(Exercise requirements):
Restate all the lines below word for word, but omit the pictures.

[Data items]
......
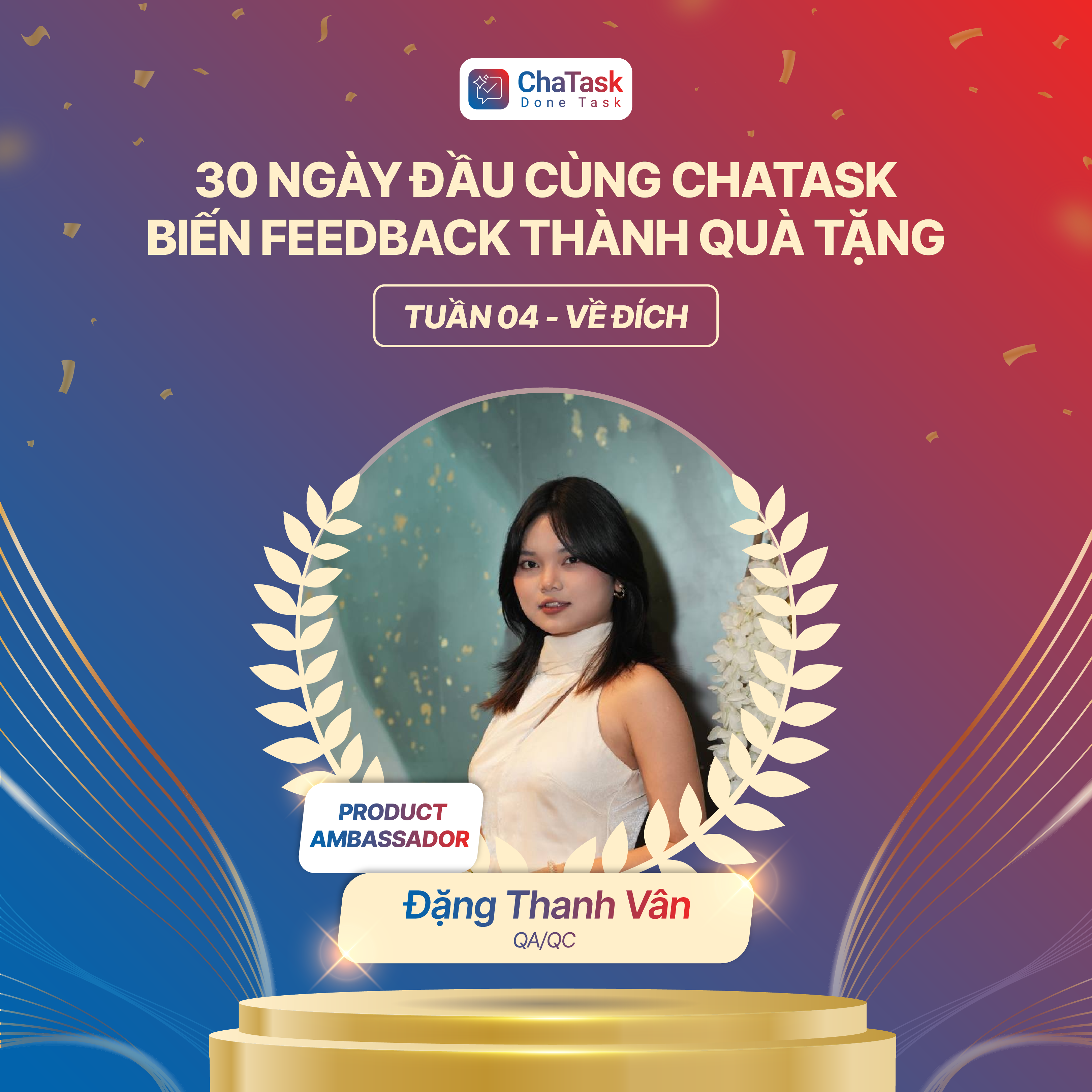 🥇 Product Ambassador: Đặng Thanh Vân (Bộ phận QAQC) – Người góp phần định hình trải nghiệm người dùng tối ưu.
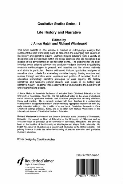 Narrative inquiry refers to a subset of qualitative research design in which stories are used to describe human action. This book contains current ideas in this emerging field of research. Chapters include a qualitative analysis of narrative data; criteria for evaluating narrative inquiry, linking emotion and reason through narrative voice, audience and the politics of narrative; trust in educational storytelling; narrative strategies for case reports; life history narratives and women's gender identity; and issues in life history and narrative inquiry. This text is intended to be of interest to all qualitative researchers and education researchers studying forms of narrative.
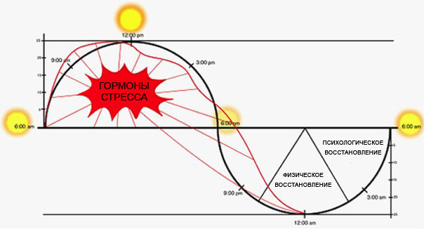 После заката наше тело начинает вырабатывать другие гормоны: гормоны роста и мелатонин! Тело начинает процесс восстановления. Если Вы не ложитесь спать до 22:30, Вы нарушаете цикл восстановления своего организма. Поэтому Вы просыпаетесь «разбитым». Ощущая стресс и напряжение, накопившееся за предыдущий день!
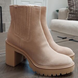 Dolce Vita Caster H2O Dune Suede Boots NWT block heel, lug sole clog style sole 70s style silhouette waterproof - protects against rain, puddles and slush 3.5” heel, 0.75” platform leather upper pull on style with elastic insets
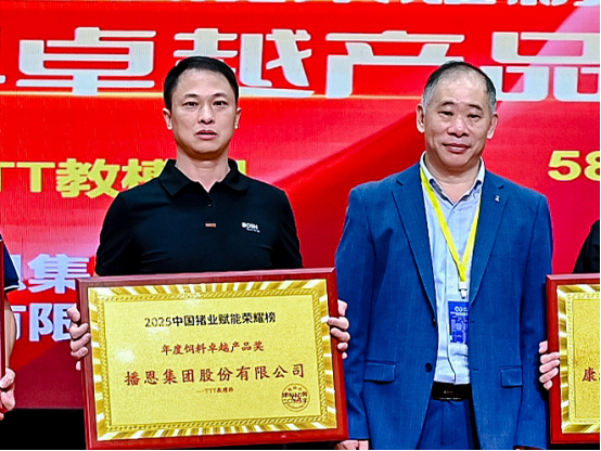 10月17日,2025中國豬業(yè)賦能大會(huì)暨賦能榮耀頒獎(jiǎng)盛典在長沙隆重舉行。超過200位行業(yè)領(lǐng)導(dǎo)、專家、企業(yè)家等蒞臨本次盛典,并共同見證了2025中國豬業(yè)賦能榮耀榜獲獎(jiǎng)名單的公布。其中,播恩集團(tuán)TTT教槽料榮獲2025年度飼料卓越產(chǎn)品獎(jiǎng)。
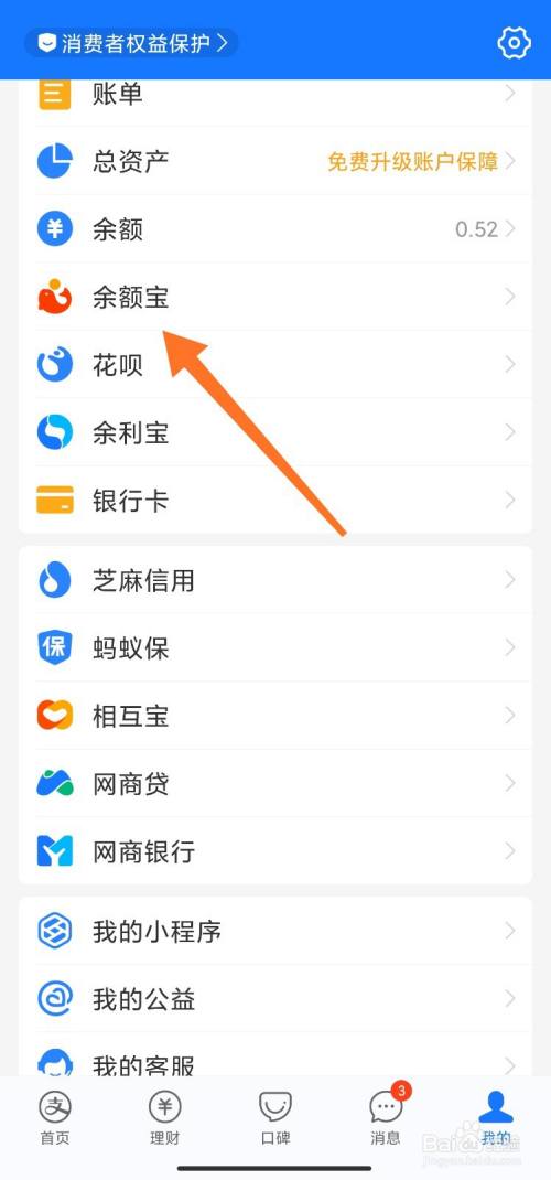 在支付宝我的页面点击【余额宝】。
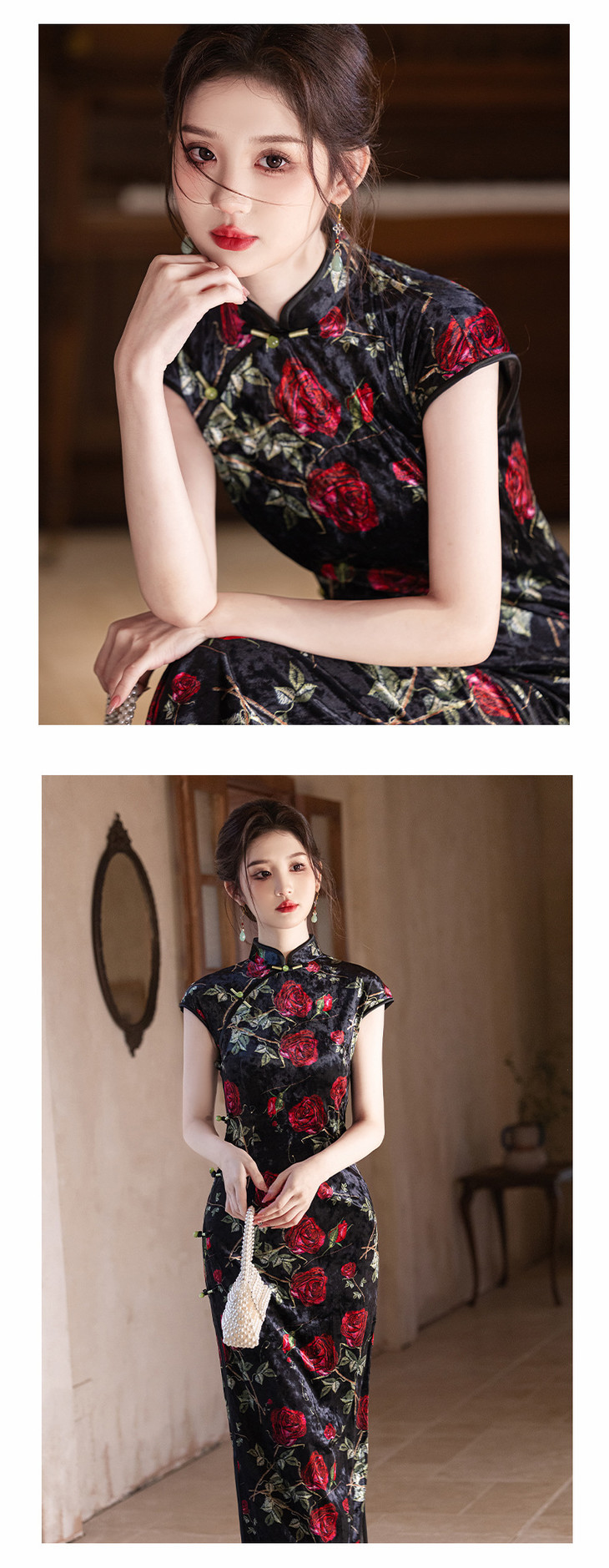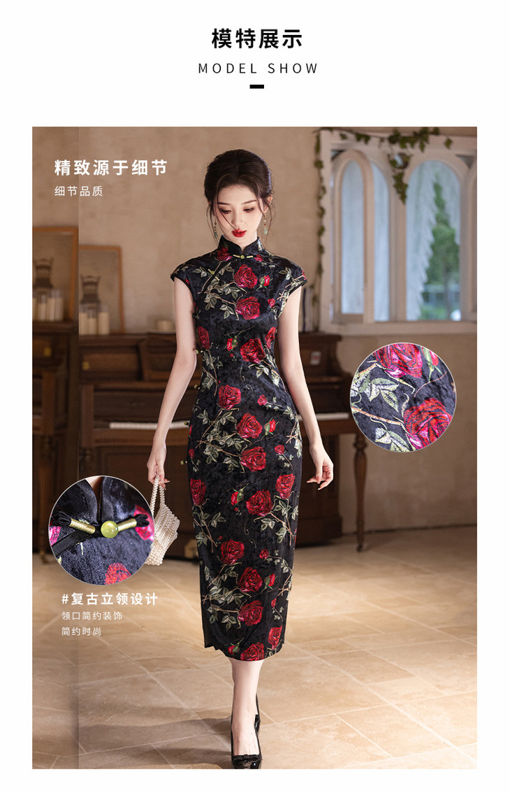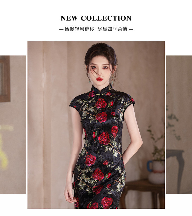 新中式无袖丝绒旗袍年轻款高级感气质改良YG2502
......
(Result for this exercise):
 🥇 Product Ambassador: Đặng Thanh Vân (Bộ phận QAQC) – Người góp phần định hình trải nghiệm người dùng tối ưu.
 Narrative inquiry refers to a subset of qualitative research design in which stories are used to describe human action. This book contains current ideas in this emerging field of research. Chapters include a qualitative analysis of narrative data; criteria for evaluating narrative inquiry, linking emotion and reason through narrative voice, audience and the politics of narrative; trust in educational storytelling; narrative strategies for case reports; life history narratives and women's gender identity; and issues in life history and narrative inquiry. This text is intended to be of interest to all qualitative researchers and education researchers studying forms of narrative.
 После заката наше тело начинает вырабатывать другие гормоны: гормоны роста и мелатонин! Тело начинает процесс восстановления. Если Вы не ложитесь спать до 22:30, Вы нарушаете цикл восстановления своего организма. Поэтому Вы просыпаетесь «разбитым». Ощущая стресс и напряжение, накопившееся за предыдущий день!
 Dolce Vita Caster H2O Dune Suede Boots NWT block heel, lug sole clog style sole 70s style silhouette waterproof - protects against rain, puddles and slush 3.5” heel, 0.75” platform leather upper pull on style with elastic insets
 10月17日,2025中國豬業(yè)賦能大會(huì)暨賦能榮耀頒獎(jiǎng)盛典在長沙隆重舉行。超過200位行業(yè)領(lǐng)導(dǎo)、專家、企業(yè)家等蒞臨本次盛典,并共同見證了2025中國豬業(yè)賦能榮耀榜獲獎(jiǎng)名單的公布。其中,播恩集團(tuán)TTT教槽料榮獲2025年度飼料卓越產(chǎn)品獎(jiǎng)。
 在支付宝我的页面点击【余额宝】。
 新中式无袖丝绒旗袍年轻款高级感气质改良YG2502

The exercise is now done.